Толстощекое лицо вмиг взмокло, поросячьи глазки тщетно пытались улыбнуться. Он открыл перед ним дверь, похлопал по плечу: до завтра, Лосано, и вернулся в кабинет. Поднял трубку: доктор, соедините с сенатором Ландой. Собрал оставленные Лосано бумаги, спрятал их в портфель. Через минуту зазвонил телефон.
— Алло, дон Кайо? — раздался бодрый голос Ланды. — Как раз собирался вам звонить.
— Ну, вот видите, сердце сердцу весть подает, — сказал он. — Я к вам с доброй вестью.

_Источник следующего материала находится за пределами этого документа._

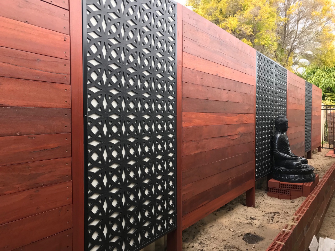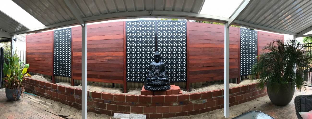 It is straight, I am just using the Panorama function on an iPhone from a central axis. Pic below shows from the side. BTW, I used recycled Jarrah floorboards. Just need to make a wooden platform for Buddha with the same theme, mulch, plants, paving and render the bricks... Good times ![]() |

— Как же, как же, я уже знаю… — Ишь, как ты обрадовался, сволочь. — Да-да-да, на «Олаве» утром возобновили работы. Вы не представляете себе, дон Кайо, до чего я вам благодарен.
— Мы взяли зачинщиков, — сказал он. — Некоторое время они никому мешать не будут.
— Да, если бы к уборке не приступили, это было бы сущее бедствие для всего департамента, — сказал сенатор. — А что, дон Кайо, вы свободны сегодня вечером?
— Приезжайте в Сан-Мигель, поужинаем, — сказал он. — Ваши поклонницы беспрестанно справляются о вас.
— Польщен и тронут. Значит, часам к девяти, да? — Смешок. — Прекрасно. В таком случае, до скорого свидания, дон Кайо.
Он дал отбой, а потом набрал номер. Трубку сняли только после четвертого гудка, и сонный голос протянул: да-а?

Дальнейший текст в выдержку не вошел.